The role of the mean girl plays a very important part to who we are all destined to be. For some we are the mean girl for others we are far to shy to even get the words into place to stand up for ourselves. In high school I was the girl usually to shy to speak and when I spoke I was immediately interpreted as being snotty. It wasn’t that I was. I was just to scare to voice who I was on the inside so I thought it best just to be the fly on the wall. There was a group of girls in my school who got extreme pleasure of making those girls who didn’t fit in feel even worse. I remember not wanting to hold my head up as I walked from class to class to scared to make eye contact. I was a constant misconception so it was far easier for me to just try to fade away.
Like any girl who sticks out like a sore thumb you try to do what you can to end the pain. When drinking didn’t fill the void you hoped that the empty bottle of the pill containers would. The problem though…for the most part the strongest pill we kept in the house was extra strength Tylenol and that wasn’t the strength I needed to turn out the lights. When you begin to fade nobody sees you. Vanishing into the night you wonder if it is worth all the pain anyways. There was days that I was too scared to even go to school. Maybe it was due to a blacked out state from the weekend or maybe I looked up and made eye contact with somebody I shouldn’t have. Either way I desperately hated who I was and my life and I would have done anything just to have it end.
I used to smoke cigarettes at the back of the school with the other kids. The summer that I returned from my “holiday” with my sister. It wasn’t a holiday. It was like a half way house. I was sent away because my parents didn’t know what to do with a girl who was assaulted and left pregnant at my age. Not only was I trying to grieve the lost of my angel but I was forced to help my sister care for her newborn and son. To anybody who has ever lost a child in anyway what I was forced to endure for months ripped my heart out. My sister always liked to hold her baby and look at me and say, “Do you see what you could have had”. I already knew what I was losing. I thought about her everyday. I still remember the grotesque words of the aging doctor who told me not to ask the sex because when the procedure is done it just looks like ground up hamburger anyways (this is basically because the suction rips your baby apart). The body knows when something traumatic is about to happen. You will fight in ways that you would never think possibly. I will never forget the doctor between my legs with this tool looking up at me and saying, “Oh shit she is awake.” Looking up at the two nurses I was gassed again. The next time I awoke I was with my mom. Why did I tell you this? That summer I returned and one of my close friends had written, BABY KILLER, in red. That is how I started my year back at school with the realization that even best friends will use what they have against you to try and become popular.
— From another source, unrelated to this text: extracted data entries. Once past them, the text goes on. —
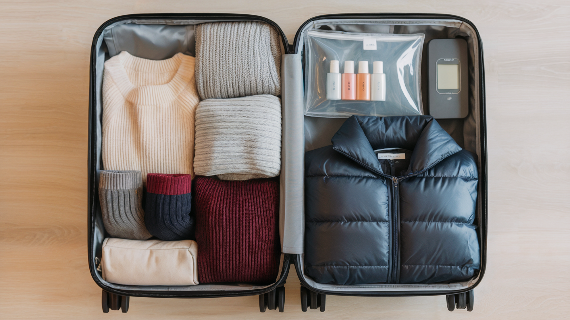เสื้อผ้าบาง—ม้วนเพื่อลดรอยยับ เสื้อหนาหรือโค้ท—ใช้ถุงสุญญากาศ (ระวังน้ำหนักรวม) และแยกชุดแต่ละวันใส่ถุงซิปล็อก หยิบง่าย ประหยัดพื้นที่
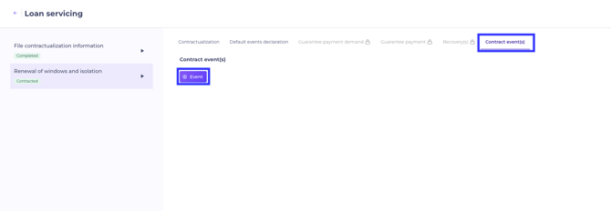 To declare an event, go to the relevant booking, then in the Loan lifecycle section, click on “Manage”. You will then have access to the Contract event(s) section.
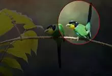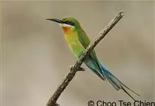 蓝喉蜂是蜂虎科蜂虎属鸟类。体长26-28厘米,嘴长而弯曲,有明显细长的中央尾羽。头部、颈部和背部为巧克力色,有黑色眼纹。喉部、腰部和尾羽为蓝色。腹部和两翼为绿色。幼鸟外观似成鸟,头部、颈部和背部为绿色,…全部>>
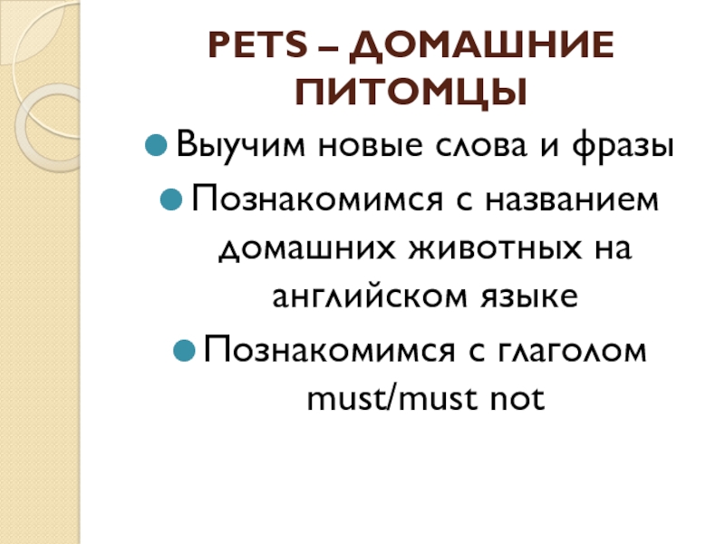 PETS – ДОМАШНИЕ ПИТОМЦЫВыучим новые слова и фразыПознакомимся с названием домашних животных на английском языкеПознакомимся с глаголом must/must not
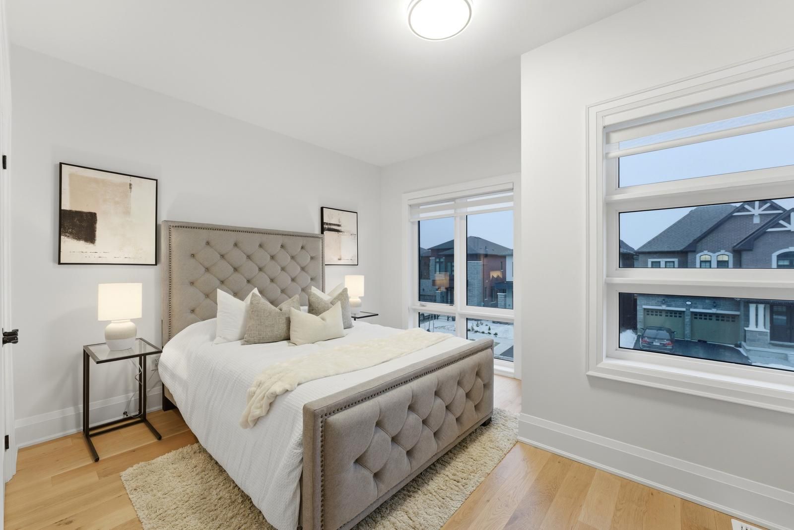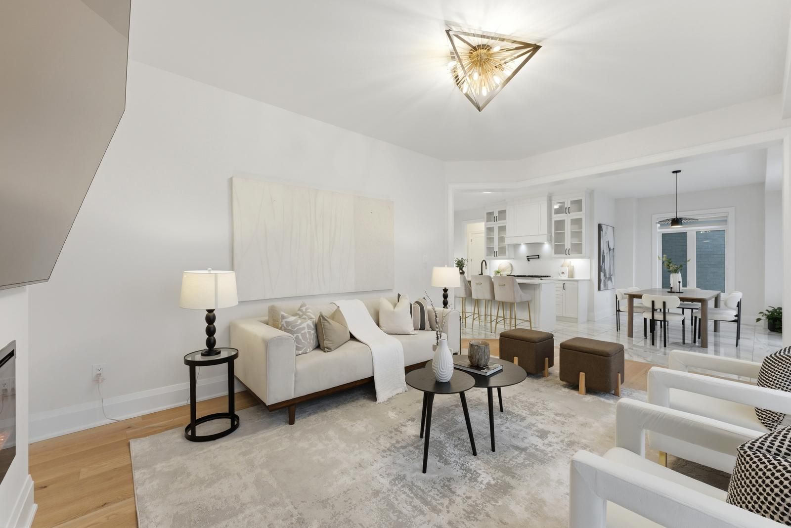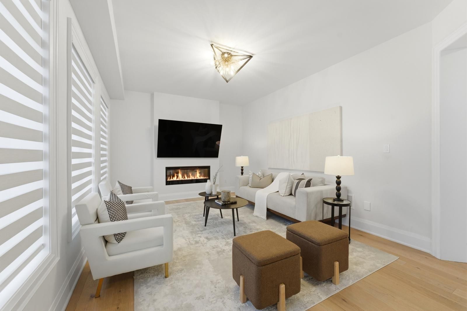 • Spacious family room with oversized windows and a cozy fireplace.
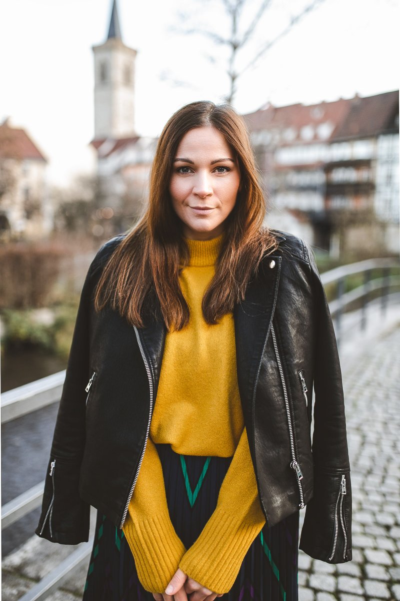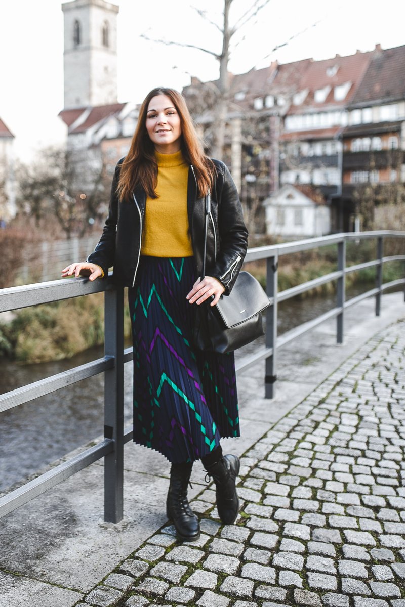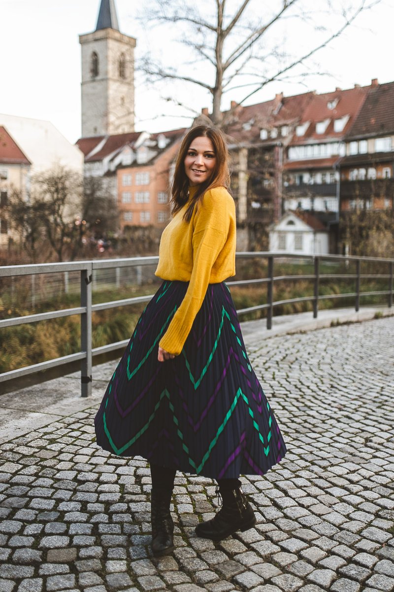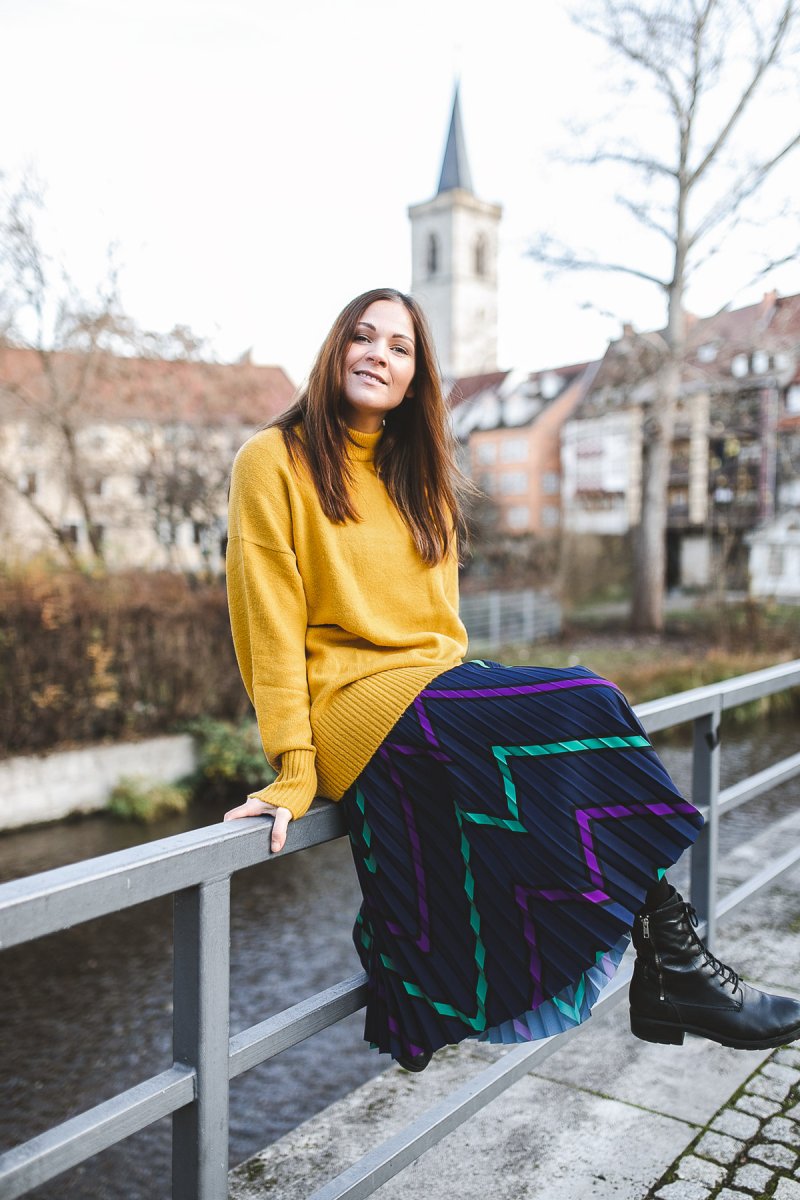 Der Pullover ist superwarm und schmiegt sich dank des Stehkragens perfekt an meinem Hals an. Und die knallige Farbe macht sogar an grauen Wintertagen gute Laune. Zu dem auffälligen Strickpullover habe ich einen Midi-Rock in Faltenoptik kombiniert. Der Rock ist die perfekte Ergänzung zu dem auffälligen Pulli und komplettiert ihn auf eine schöne Weise. Besonders gut an dem Rock gefällt mir, dass dezente geometrische Muster. Dieses passt farblich sehr gut zum gelben Pullover.
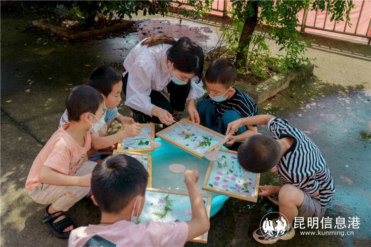 撕碎紙漿泥,加入到水中,攪拌均勻,等紙漿靜止后慢慢起紙……根據(jù)老師的現(xiàn)場演示,孩子們拿起自己采摘的樹葉、花瓣等原材料細(xì)心裝飾,輕輕按壓,拼組成自己喜歡的花樣,再小心翼翼澆上稀釋好的紙漿。

When those you share secrets with use those secrets against you to gain popularity and fame it really drives a wedge in your ability to bond. I trusted no one. Needed no one and from that day one would struggle to ever be the same little girl again. I spent years either hiding who I was or telling it all in the hopes of driving others away. It took a lot of work and determination to forgive myself for the sins that others would always use against me. I was beginning to learn that maybe I was just not born to fit in. If I was wouldn’t it be easier. As much as I like to pretend that all the walls or down there is a moat around my heart that serves as protection. To me my storey should be used to help others make it through those terrible adolescence years. Some of us don’t even get the honour of making it out of that time. What used to be so magical is now a question of survival. If I grew up in a time where drugs ran even more rampant and alcohol tasted like candy I am sure I wouldn’t be alive right now.
Even though the mean girls terrified the life right out of me they also breathed life in. It would take decades for me to finally blossom (at least begin to blossom) and shed the skin that I adorned to weather through the storms. It’s easier to blame the third party instead of looking inwards to blame me. Blame being a little to harsh because in those first fragile years we are all just coming of age trying to understand ourselves. Maybe I was always destined to be the poor little farm girl with nothing to offer anybody. At least that is what is still being said to this day both from those who are close to me and people I hardly know. What I do know for certain is not everybody matters. Not everybody matters to me and my inner circle. They are entitled to their own opinion as I am mine and both points are just as valid. What is different though in each is the inner peace that we both achieve. One maybe superficial and convoluted but the other deserves to be shared with the world.